Why not using a hash on the name
df["col0"] = df["col0"].apply(lambda x: hashlib.sha256(x.encode("utf-8")).hexdigest())
In this way you do not need to care about the names that occurring, i.e. you do not need to know them upfront to build a dictionary for mapping.
It looks like this Replace all occurrences of a string in a pandas dataframe might hold your answer. According to the documentation, pandas.read_table creates a dataframe and a dataframe has a replace function.

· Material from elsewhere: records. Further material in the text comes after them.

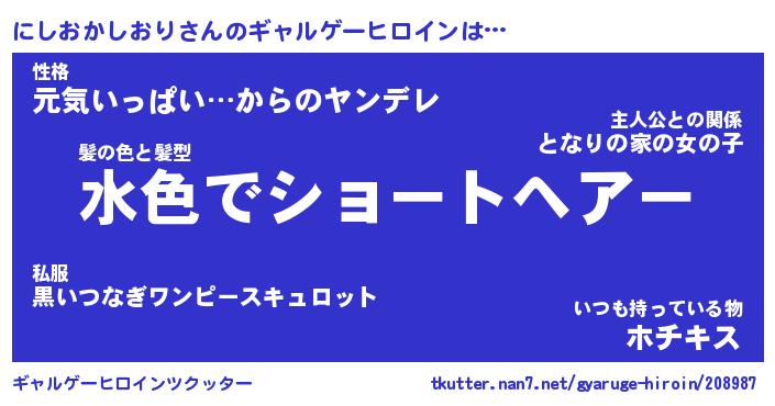 | 肩書あだ名 | 『にしおかしおり御曹司』 |
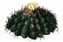 Copiapoa coquimbana is a species of clump-forming cactus native to South America. The plant bears 3 cm (1.2 in) long yellow flowers in summer, and grows up to 60 cm (2 ft) high and 1 m (3 ft) across. The species is named after the city of Coquimbo in Chile. Variations include C. coquimbana var. wagenknechtii, C. coquimbana var. vallenarensis, and C. coquimbana subsp. andina.
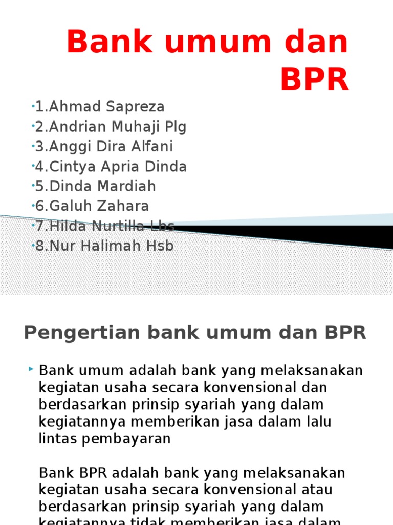 Perbedaan Bank Umum dan BPR - Bank Bahtera Masyarakat Perbedaan Kegiatan Usaha Bank umum dan BPR 1. Kegiatan Usaha Bank Umum Menghimpun dana dari masyarakat dalam bentuk simpanan berupa giro, deposito berjangka, sertifikat deposito, tabungan, dan atau bentuk lainnya yang dipersamakan dengan itu. Memberikan kredit. Menerbitkan surat pengakuan utang. Perbedaan Bank Umum, Bank Perkreditan Rakyat, dan Bank ... Perbedaan Bank Umum, Bank Perkreditan Rakyat, dan Bank Syariah: 1. P erbedaan dari segi pengertian bank umum yaitu bank yang melaksanakan kegiatan usaha secara konvensional dan/atau berdasarkan prinsip syariah yang dalam kegiatannya memberikan jasa dalam lalu lintas pembayaran. Bank Perkreditan Rakyat merupakan bank yang melaksanakan kegiatan usaha secara konvensional dan/atau berdasarkan ...

fp.replace({'Aaron': '1'}, regex=True)
Although you probably don't need to have the regex=True part as it's a direct replacement in full.
This works, with caveats:
df = pd.DataFrame({"string_column": ["string1", "string2"]})
df["hash"] = [hash(i) for i in df["string_column"]]
df
Out[1]:
string_column hash
0 string1 -2164478207308662971
1 string2 -3208847000100121065
And the caveat: the hash is not 100% guaranteed to be unique. There is a small chance that two different strings could have a the same hash. However, it is a 20-digit decimal, so there is a good chance that it is unique.
The best way is to determine all unique values in the column, assign an incrementing number to each of them, then iterate through the values in the column and replace with the ID. However, this is slow, and the line above is faster.